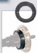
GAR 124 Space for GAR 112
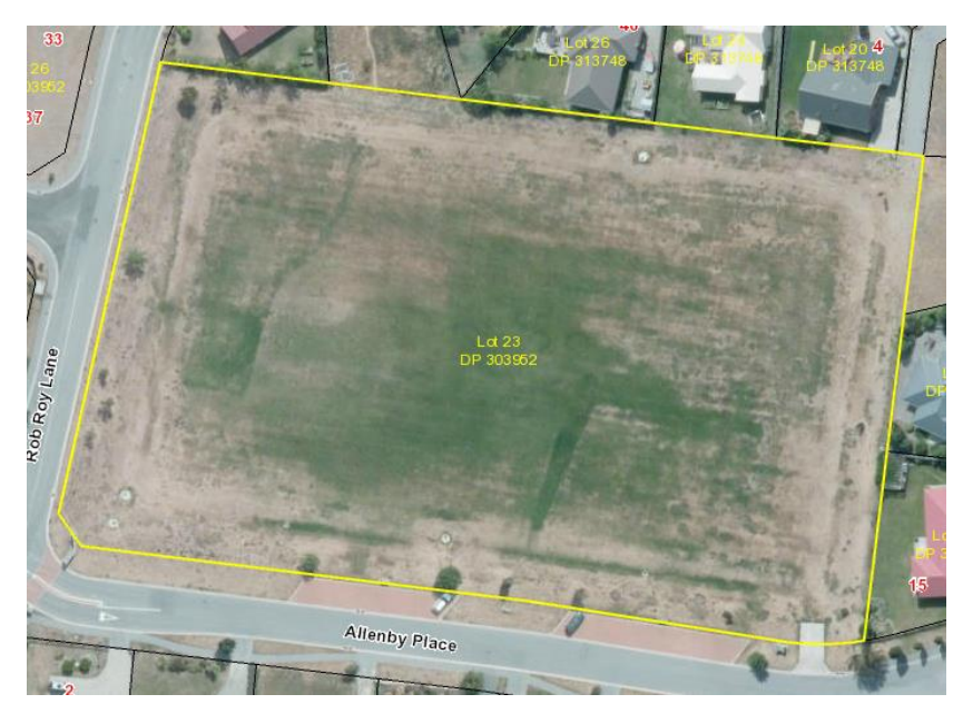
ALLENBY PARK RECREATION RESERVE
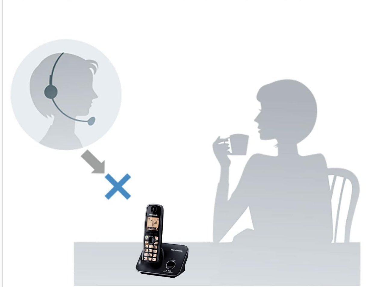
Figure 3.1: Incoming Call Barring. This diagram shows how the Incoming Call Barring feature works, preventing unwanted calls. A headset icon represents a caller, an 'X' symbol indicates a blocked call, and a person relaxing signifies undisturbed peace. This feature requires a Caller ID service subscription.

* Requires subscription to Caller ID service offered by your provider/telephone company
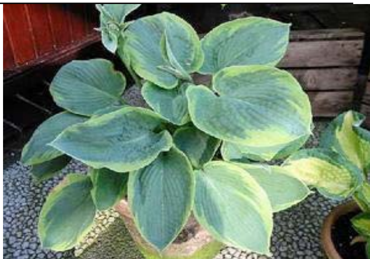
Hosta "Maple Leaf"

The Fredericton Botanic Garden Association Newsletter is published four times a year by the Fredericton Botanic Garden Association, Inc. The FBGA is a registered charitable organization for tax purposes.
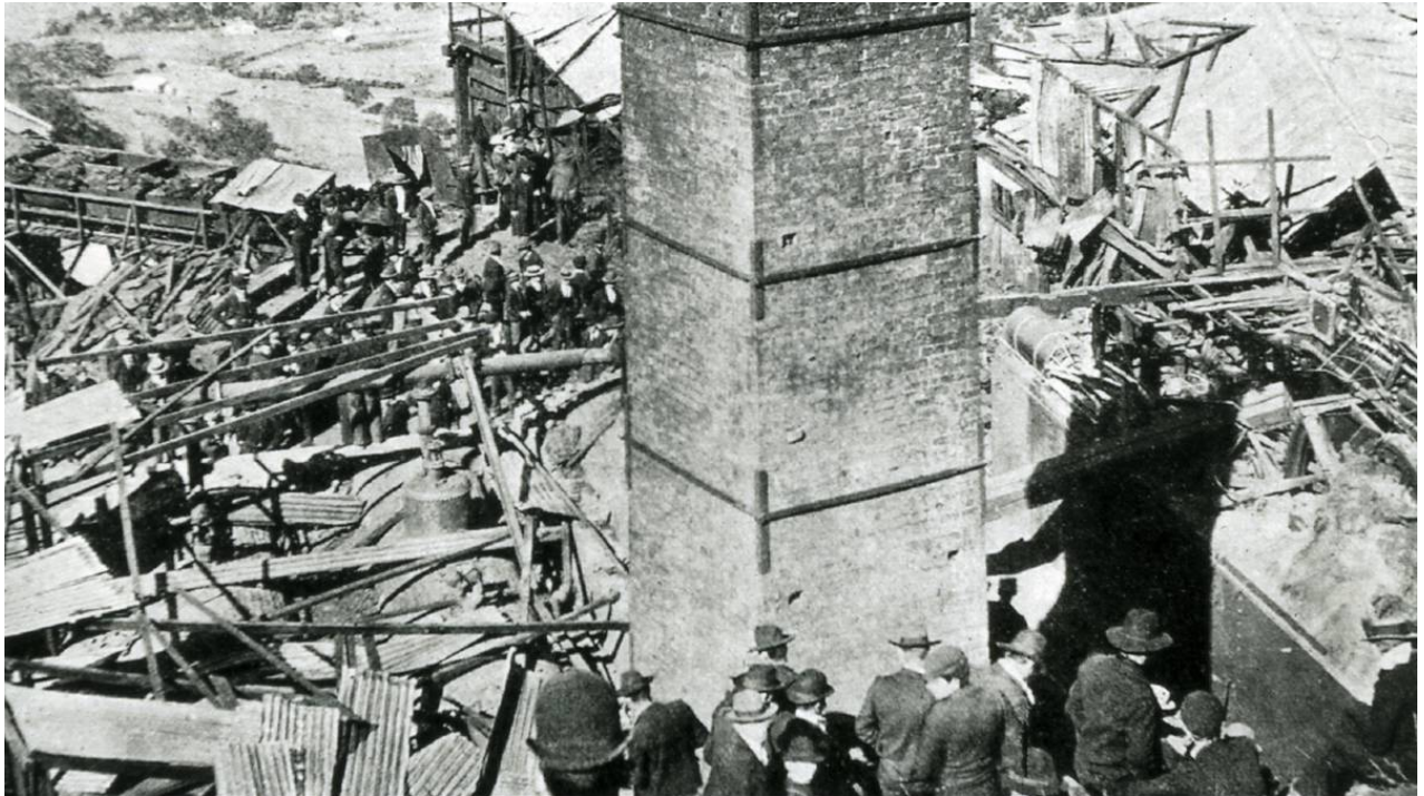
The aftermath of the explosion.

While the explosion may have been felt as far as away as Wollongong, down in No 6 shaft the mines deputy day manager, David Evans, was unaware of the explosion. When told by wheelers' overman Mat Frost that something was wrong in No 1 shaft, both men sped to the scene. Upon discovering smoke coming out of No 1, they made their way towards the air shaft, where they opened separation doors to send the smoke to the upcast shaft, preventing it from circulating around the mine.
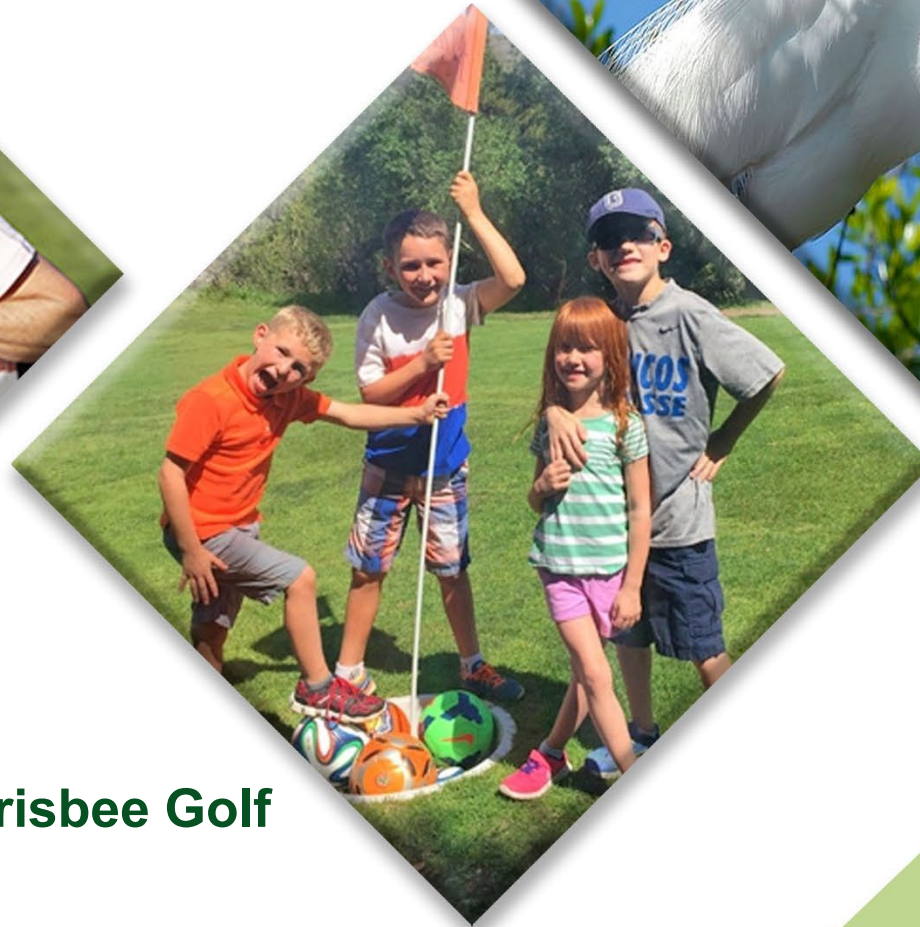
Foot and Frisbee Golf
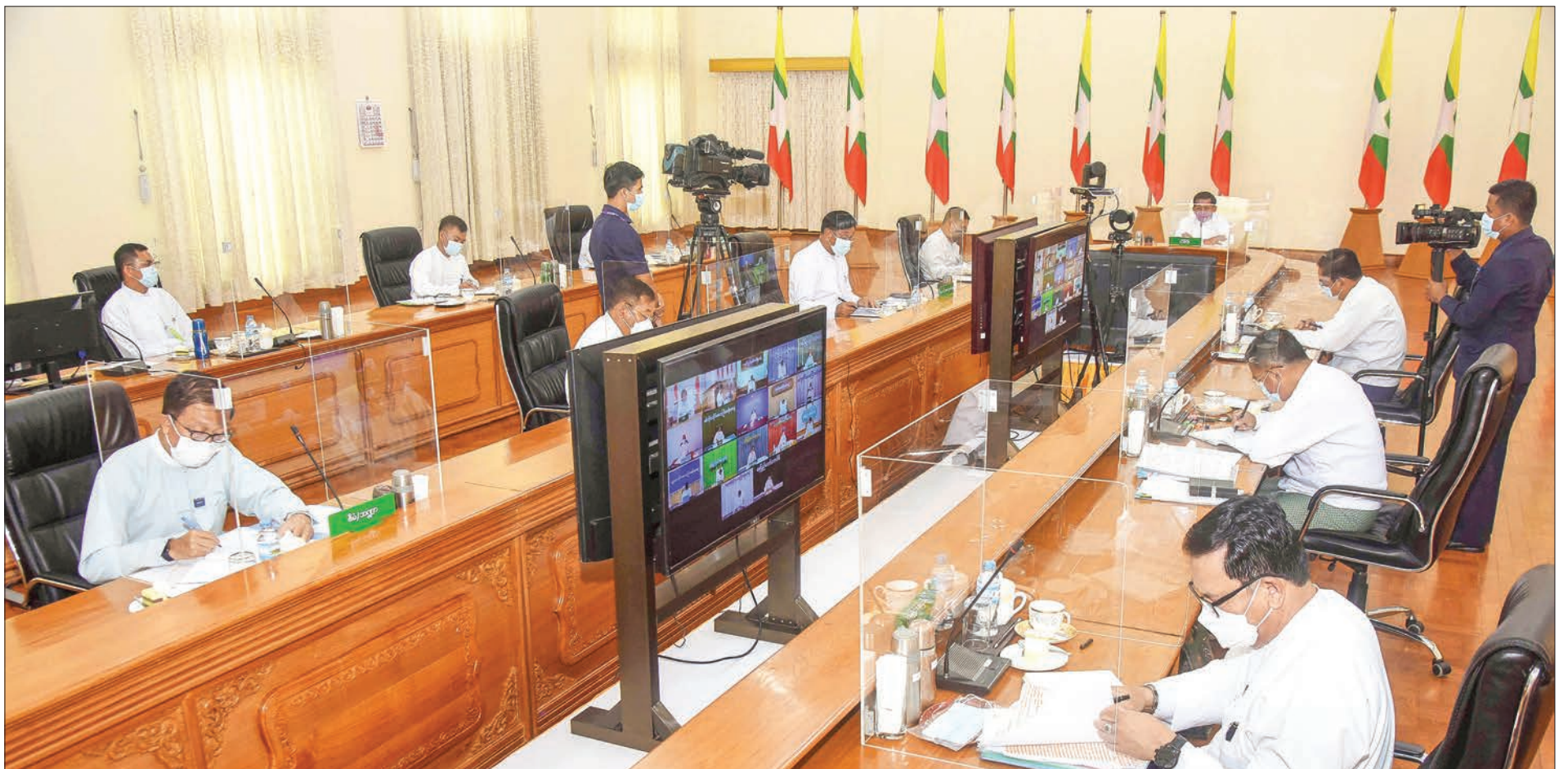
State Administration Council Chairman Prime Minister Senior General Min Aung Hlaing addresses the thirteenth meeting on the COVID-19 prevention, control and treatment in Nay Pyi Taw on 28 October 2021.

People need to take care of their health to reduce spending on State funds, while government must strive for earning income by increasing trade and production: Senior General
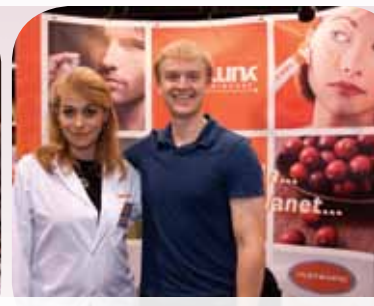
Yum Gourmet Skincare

******************************

- [Problem to solve]: The lines wanted run from the first one in the material above through the line containing "The aftermath of the explosion."; give them again exactly, leaving out the pictures.

- [Task solution]:
GAR 124 Space for GAR 112
ALLENBY PARK RECREATION RESERVE
Figure 3.1: Incoming Call Barring. This diagram shows how the Incoming Call Barring feature works, preventing unwanted calls. A headset icon represents a caller, an 'X' symbol indicates a blocked call, and a person relaxing signifies undisturbed peace. This feature requires a Caller ID service subscription.

* Requires subscription to Caller ID service offered by your provider/telephone company
Hosta "Maple Leaf"

The Fredericton Botanic Garden Association Newsletter is published four times a year by the Fredericton Botanic Garden Association, Inc. The FBGA is a registered charitable organization for tax purposes.
The aftermath of the explosion.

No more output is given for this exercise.